- Directed by: Dan Krauss; Paul Haggis;
- Produced by: Rupert Maconick; Paul Haggis; Dan Krauss; Brendan Gaul; Guru Gowrappan; Hayley Pappas;
- Cinematography: Drew Eckmann
- Edited by: Christopher Dillon
- Music by: Justin Melland
- Distributed by: RYOT
- Release date: November 4, 2018 (SFFILM);
- Running time: 94 minutes
- Country: United States
- Language: English

= 5B (film) =

American documentary show film

5B is a 2018 American documentary film directed by Dan Krauss and Paul Haggis about the efforts of a group of nurses and caregivers who opened the first AIDS ward in the world at San Francisco General Hospital and changed the way patients were cared for in the 1980s AIDS epidemic.

Verizon Media, with the help of Johnson & Johnson and Academy Award winner Julianne Moore, announced during its Newfront event in New York City on April 30, 2019, that it had acquired and planned to release the documentary.

The film first premiered at the 2018 San Francisco Doc Stories film festival and was later screened at the 2019 Cannes Film Festival on May 16, 2019, and at LA Pride on June 7, 2019. It was released nationwide June 14, 2019 in select theaters, presented by RYOT, a Verizon Media company.

==Plot summary==

5B is the inspirational story celebrating the nurses and caregivers of the first AIDS ward unit in the United States. It is told through first-person testimony of nurses and caregivers of Ward 5B in 1983 at San Francisco General Hospital, as well as the testimonies of patients, loved ones, and staff who volunteered to create care practices based in humanity and holistic well-being during an uncertain period of American history.

==Reception==
David Rooney wrote in The Hollywood Reporter: "As much as 5B is defined by the still-resonating sorrow of so many deaths, and the conflicted feelings of survivors from decimated communities left with few friends their own age, it's also an uplifting film about profound human decency and generosity of spirit." Guy Lodge of Variety called the film a "straight-for-the-tear-ducts documentary, which seeks first-hand inspiration and optimism amid the wreckage of an unavoidably bleak chapter in recent American history."

==Cast==
- Alison Moed Paolercio
- Cliff Morrison
- David Denmark
- Mary Magee
- Sasha Cuttler
- Guy Vandenberg
- Dr. Paul Volberding
- Dr.

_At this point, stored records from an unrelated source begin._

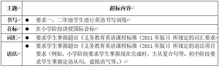 1.培訓(xùn)不得超出現(xiàn)行義務(wù)教育英語課程標準規(guī)定的各學(xué)段分級標準,禁止將初中知識類的教學(xué)內(nèi)容提前至小學(xué)教學(xué)與測評,禁止將現(xiàn)行普通高中英語課程標準規(guī)定的知識類教學(xué)內(nèi)容提前至初中教學(xué)與測評。
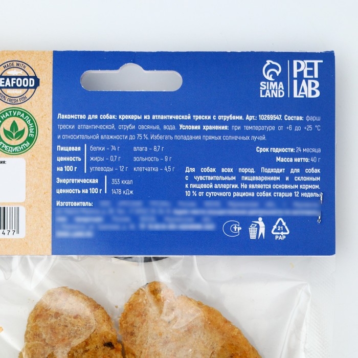 Лакомство для собак натуральное PetLab: Крекеры из трески с отрубями, 40 г.
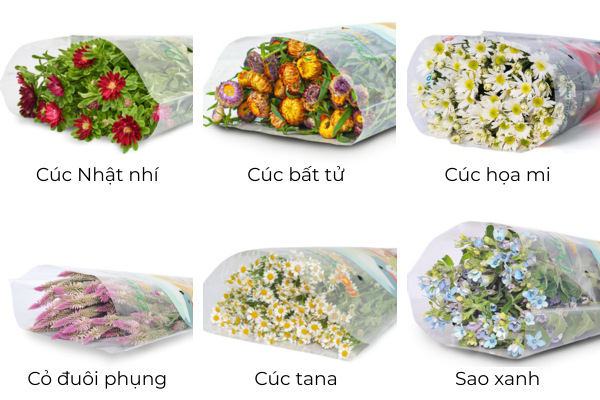 Các loại hoa cúc dại: Cúc nhí, cúc họa mi, cúc bất tử, cúc dã quỳ, cúc xuyến chi,…
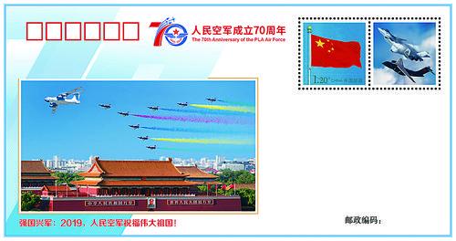 这是《我爱祖国的蓝天》主题纪念封之一。 当日,空军向社会公开发布一套100枚强军主题纪念封《我爱祖国的蓝天》,展现不忘初心、奋飞向前的蓝天英姿,致敬人民空军成立70周年。 新华社发
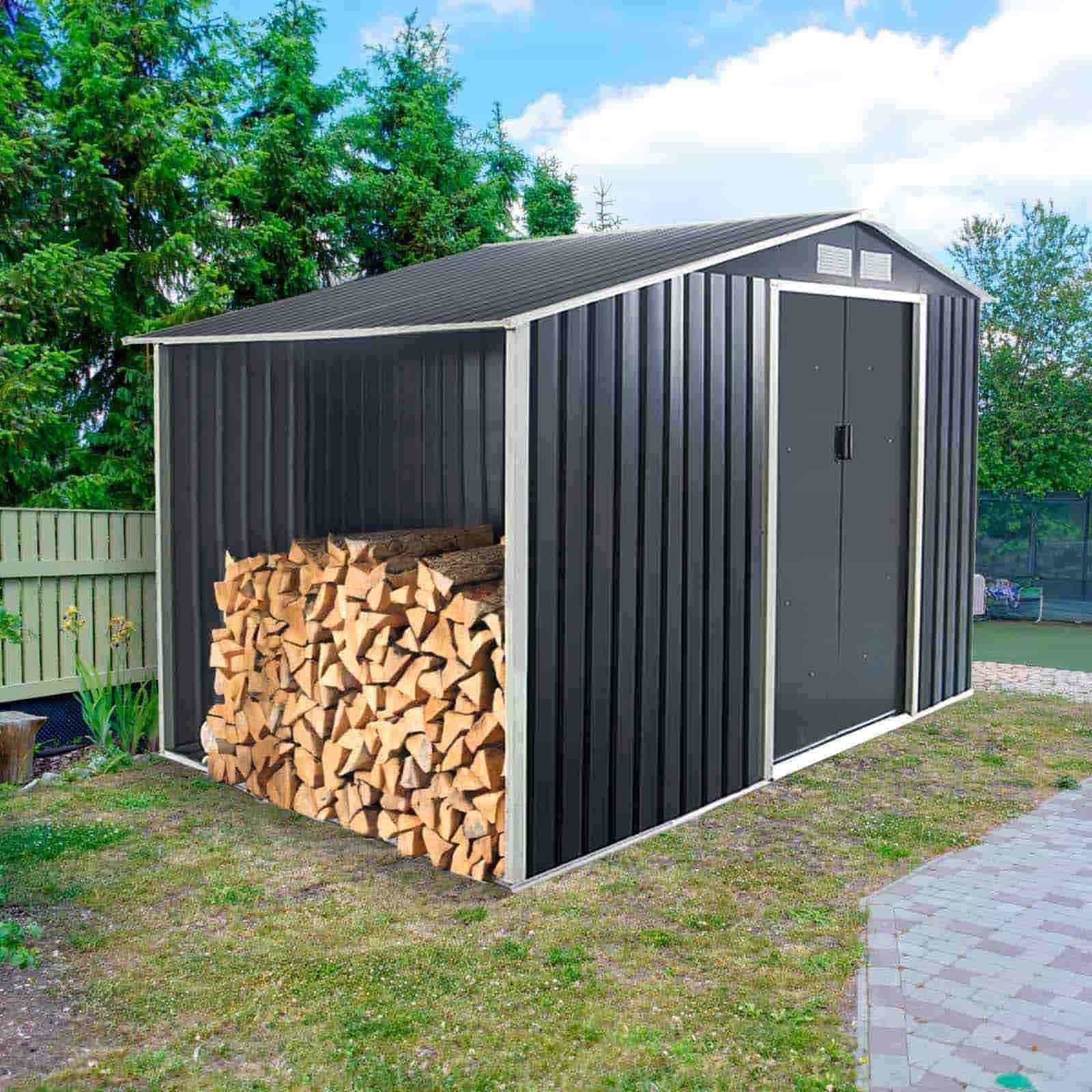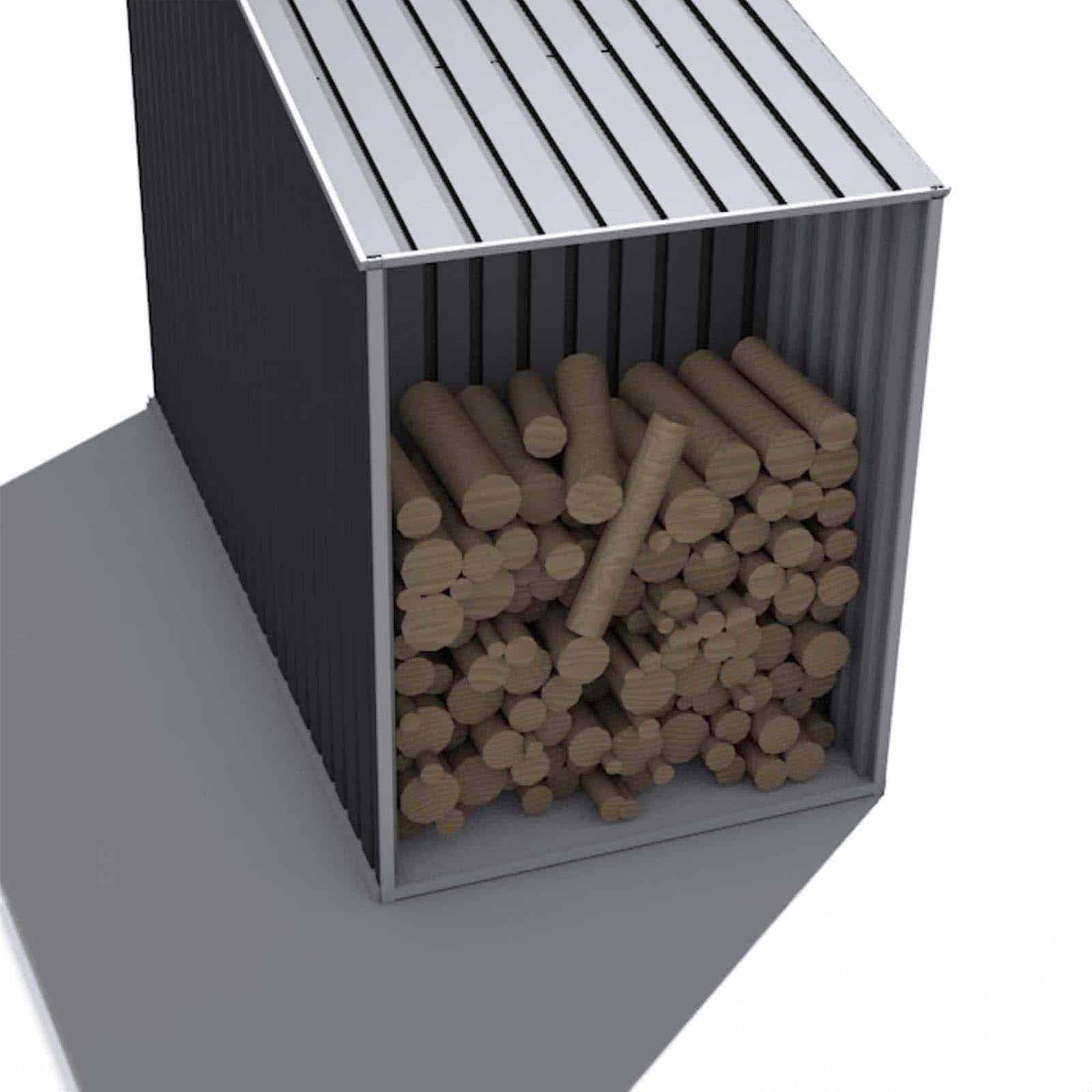 Caseta jardín metálica con leñero 278x127x195 cm (3,53 m²) Toronto gris
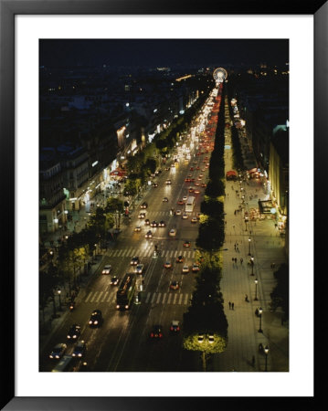 Raul Touzon Art > An Elevated View Of A Traffic-Filled Paris Street At Night Art Print
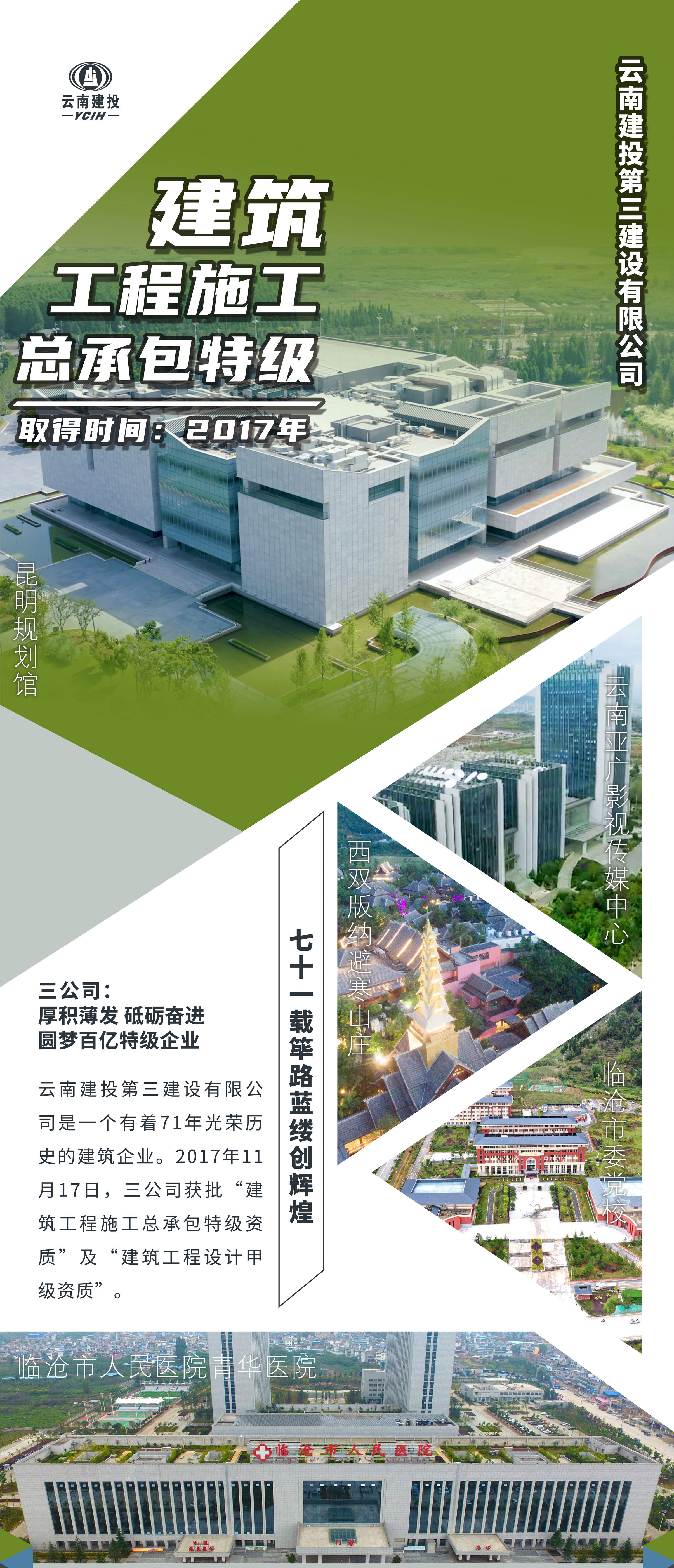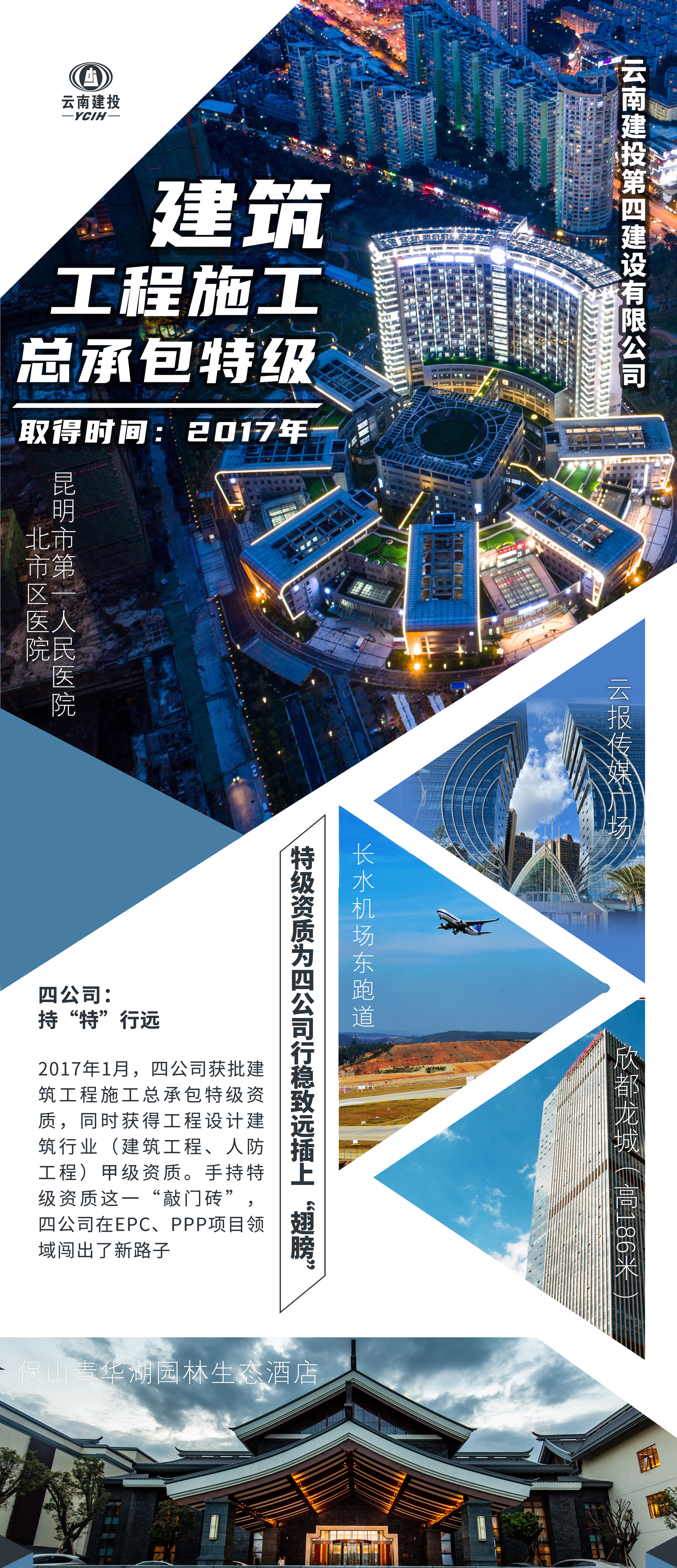 近年來,云南建(jian)投集(ji)團(tuan)持續提高資質(zhi)整體實力,有序規劃各單位資質(zhi)發展目標,資質(zhi)類(lei)別全方位擴(kuo)充,資質(zhi)等級持續提升(sheng)。目前集(ji)團(tuan)擁有各類(lei)資質(zhi)781項(xiang),有8家公司邁(mai)入特級企業行列,共計擁有10項(xiang)特級資質(zhi),覆(fu)蓋建(jian)筑(zhu)工程(cheng)、公路工程(cheng)、市政公用工程(cheng)和水(shui)利水(shui)電工程(cheng)領域。
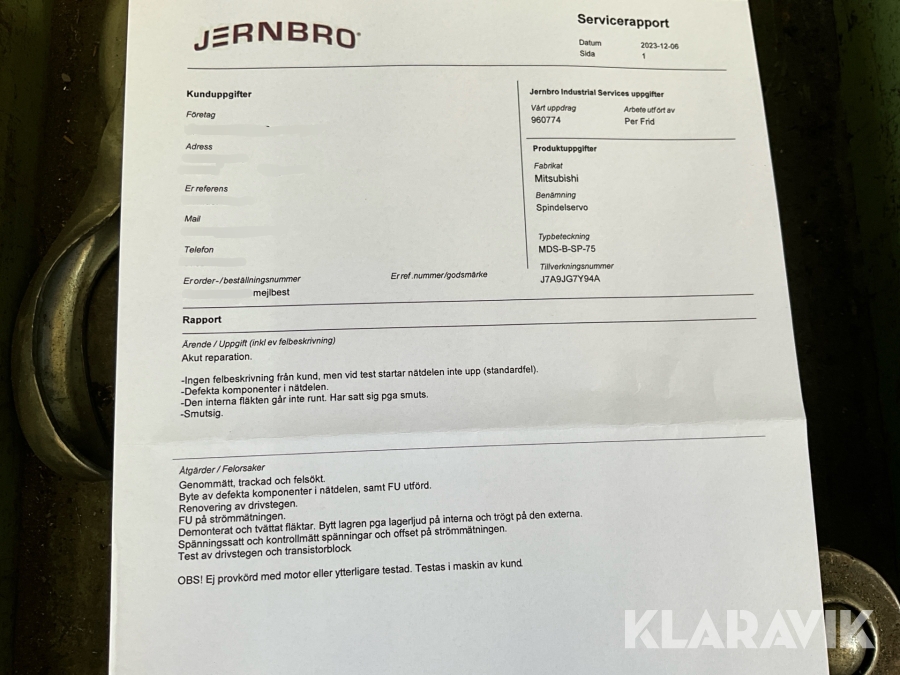 Du som köpare är skyldig att kontrollera objektet vid hämtning. Skiljer sig något avsevärt jämfört med informationen på klaravik.se? Kontakta då Klaravik innan du tar objektet från platsen. Läs fullständiga köpvillkor.

Lorraine Day
- Rita Rockett
- Hank Plante
- Steve Williams
- Mary Asbury
- Leah Cleveland
- Harry Breaux
- George Kelly

==Release==
5B was featured and was the closing film at the San Francisco Doc Stories 2018 film festival. The film premiered at the 2019 Cannes Film Festival on May 16, 2019, was set for American premiere at Los Angeles Pride on June 7, 2019, and released nationwide on June 14, 2019, in select theaters. At the Cannes Lions awards in 2019, it won a Grand Prix Award in Entertainment, with Jury President Scott Donaton quoting: “5B is a brave idea and a beautiful story that's brilliantly crafted. It can – and will – stand as a piece of great entertainment as well as an example of bold marketing. We need more stories like this, stories that make people care, that reflect a brand's values and that point the way forward for our industry.”

Co-director and producer Paul Haggis's name was removed from the film's Cannes press materials, following allegations of rape and sexual misconduct levied against him in January 2018. His name is listed in the end credits.